Member of the U.S. House of Representatives from California
- In office December 12, 1967 – January 3, 1983
- Preceded by: J. Arthur Younger
- Succeeded by: Ed Zschau
- Constituency: 11th district (1967–1973) 17th district (1973–1975) 12th district (1975–1983)

Personal details
- Born: Paul Norton McCloskey Jr. September 29, 1927 Loma Linda, California, U.S.
- Died: May 8, 2024 (aged 96) Winters, California, U.S.
- Party: Republican (1948–2007) Democratic (2007–2024)
- Spouse(s): Caroline Wadsworth ​ ​(m. 1949; div. 1972)​ Helen Hooper ​(m. 1982)​
- Children: 4
- Education: Stanford University (AB, LLB)

Military service
- Allegiance: United States
- Branch/service: United States Navy (1945–1947) U.S. Marine Corps (1950–1952) U.S. Marine Forces Reserve (1952–1974)
- Years of service: 1945–1964
- Rank: Colonel
- Battles/wars: Korean War
- Awards: Navy Cross Silver Star Purple Heart (2)

= Pete McCloskey =

American politician (1927–2024)

Paul Norton "Pete" McCloskey Jr. (September 29, 1927 – May 8, 2024) was an American politician who represented San Mateo County, California, as a Republican in the U.S. House of Representatives from 1967 to 1983.
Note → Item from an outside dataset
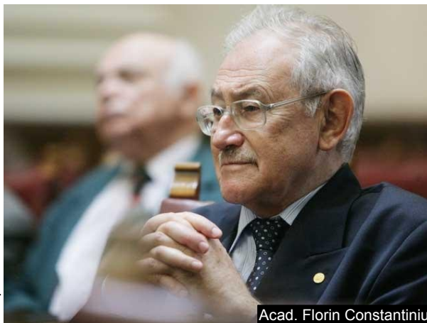
Acad. Florin Constantiniu

Românii - și nu numai, au fost în primul rînd trădați de clasa lor conducătoare. Fosta clasă conducătoare – nomenclatura – a socotit în 1989 că a venit momentul să se transforme dintr-o clasă dominantă de facto într-una dominantă și de jure . Înainte de 1989 accesul lor la resurse (financiare, economice) nu era sigur: lipsea statul de drept care să le garanteze proprietatea privată. Să ne amintim că nicăieri partidele comuniste nu au fost înlăturate de la putere prin revoluții populare, ci peste tot – inclusiv în România – ele au părăsit puterea prin trădarea liderilor, prin trădarea nomenclaturii care a considerat că a sosit momentul îmbogățirii. Oare nu Gorbaciov a lansat campania de demolare a economiei socialiste prin perestroika lui catastrofală? Oare nu peste tot capitaliștii s-au format în principal din foștii nomen-

Born in Loma Linda, California, McCloskey pursued a legal career in Palo Alto, California, after graduating from Stanford Law School. He served in the Korean War as a member of the United States Marine Corps. For his service, he was awarded the Navy Cross and the Silver Star. He won election to the House of Representatives in 1967, defeating Shirley Temple Black in the Republican primary. He co-authored the 1973 Endangered Species Act. He unsuccessfully challenged President Richard Nixon in the 1972 Republican primaries on an anti-Vietnam War platform and was the first member of Congress to publicly call for President Nixon's resignation after the Saturday Night Massacre.

McCloskey continually won re-election until 1982, when he unsuccessfully sought the Republican nomination to represent California in the United States Senate. The nomination was won by Pete Wilson, who went on to defeat Jerry Brown in the general election. During the 1988 Republican presidential primaries, McCloskey helped end Pat Robertson's campaign by revealing that Robertson's claims of serving in combat were false. In 1989, McCloskey co-founded the Council for the National Interest, a non-profit, non-partisan organization that works for "Middle East policies that serve the American national interest." He strongly opposed the Iraq War and supported Democrat John Kerry in the 2004 presidential election. In 2006, he made an unsuccessful run for Congress against Republican Richard Pombo. He endorsed Democrat Jerry McNerney in the general election and became a Democrat himself shortly thereafter.

==Early life==
Pete McCloskey's great-grandfather was orphaned in the Great Irish Famine and came to California in 1853 at the age of 16. He and his son, McCloskey's grandfather, were farmers in Merced County. The family were lifelong Republicans.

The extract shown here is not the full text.